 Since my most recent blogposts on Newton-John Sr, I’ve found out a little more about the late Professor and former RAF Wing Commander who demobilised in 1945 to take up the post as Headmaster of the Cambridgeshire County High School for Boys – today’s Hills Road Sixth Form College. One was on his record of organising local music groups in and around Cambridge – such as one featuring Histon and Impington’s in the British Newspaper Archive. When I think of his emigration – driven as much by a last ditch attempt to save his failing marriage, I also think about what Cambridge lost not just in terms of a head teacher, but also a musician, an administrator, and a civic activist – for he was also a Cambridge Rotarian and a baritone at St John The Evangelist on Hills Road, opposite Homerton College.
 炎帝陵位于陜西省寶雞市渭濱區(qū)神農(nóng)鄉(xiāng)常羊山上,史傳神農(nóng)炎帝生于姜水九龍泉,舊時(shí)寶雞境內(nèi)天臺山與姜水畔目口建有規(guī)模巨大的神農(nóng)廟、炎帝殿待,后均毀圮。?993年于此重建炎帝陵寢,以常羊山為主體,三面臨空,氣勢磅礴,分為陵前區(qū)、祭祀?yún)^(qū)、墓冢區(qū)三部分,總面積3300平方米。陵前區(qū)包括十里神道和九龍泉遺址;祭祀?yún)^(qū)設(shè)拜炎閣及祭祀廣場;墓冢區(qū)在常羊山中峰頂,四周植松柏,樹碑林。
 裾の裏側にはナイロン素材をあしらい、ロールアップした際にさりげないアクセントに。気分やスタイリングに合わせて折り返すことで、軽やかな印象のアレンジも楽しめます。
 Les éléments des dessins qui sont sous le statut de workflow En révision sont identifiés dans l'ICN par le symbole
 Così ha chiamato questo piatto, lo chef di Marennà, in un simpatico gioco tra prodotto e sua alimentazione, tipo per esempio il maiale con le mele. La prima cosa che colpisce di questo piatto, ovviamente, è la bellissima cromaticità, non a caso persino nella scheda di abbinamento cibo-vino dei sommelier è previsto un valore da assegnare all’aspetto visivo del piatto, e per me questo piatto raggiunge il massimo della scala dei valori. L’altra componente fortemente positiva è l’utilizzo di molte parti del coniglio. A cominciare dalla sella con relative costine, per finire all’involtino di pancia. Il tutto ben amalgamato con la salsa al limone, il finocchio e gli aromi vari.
****************
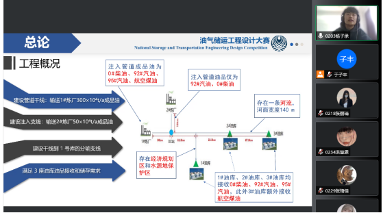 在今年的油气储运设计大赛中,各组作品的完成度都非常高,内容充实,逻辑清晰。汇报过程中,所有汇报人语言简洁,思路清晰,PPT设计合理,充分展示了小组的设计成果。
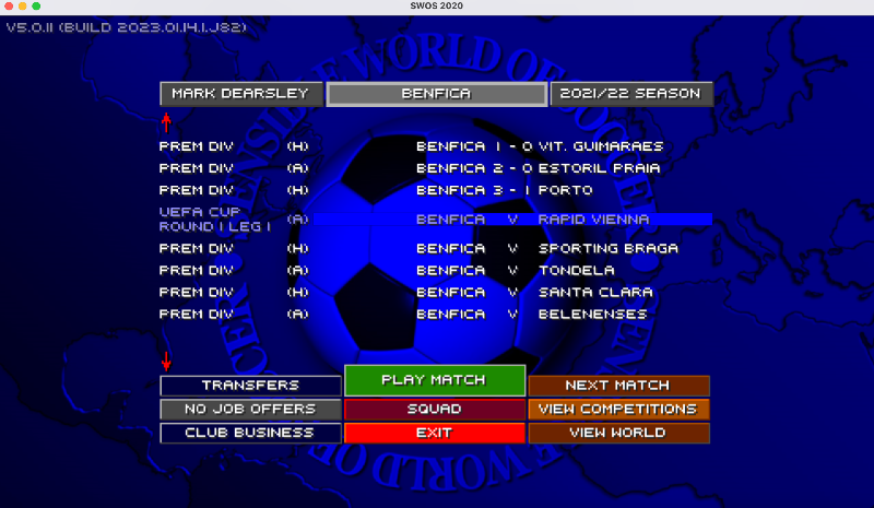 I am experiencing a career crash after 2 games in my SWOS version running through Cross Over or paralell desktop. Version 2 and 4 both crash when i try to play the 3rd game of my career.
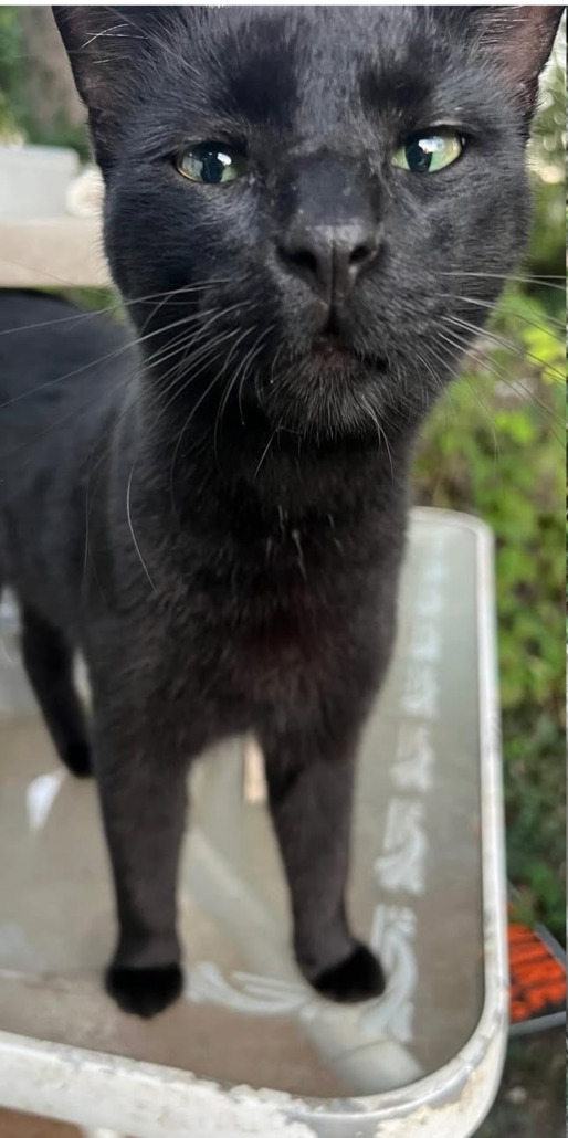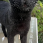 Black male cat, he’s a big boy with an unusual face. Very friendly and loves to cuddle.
****************
- **WORK TASK**
Leaving out the pictures, please output the lines in the entries above from the one with "在今年的油气储运设计大赛中,各组作品的完" through the one with "Black male cat, he’s", exactly as they are.

- **ANSWER BOX**
 在今年的油气储运设计大赛中,各组作品的完成度都非常高,内容充实,逻辑清晰。汇报过程中,所有汇报人语言简洁,思路清晰,PPT设计合理,充分展示了小组的设计成果。
 I am experiencing a career crash after 2 games in my SWOS version running through Cross Over or paralell desktop. Version 2 and 4 both crash when i try to play the 3rd game of my career.
 Black male cat, he’s a big boy with an unusual face. Very friendly and loves to cuddle.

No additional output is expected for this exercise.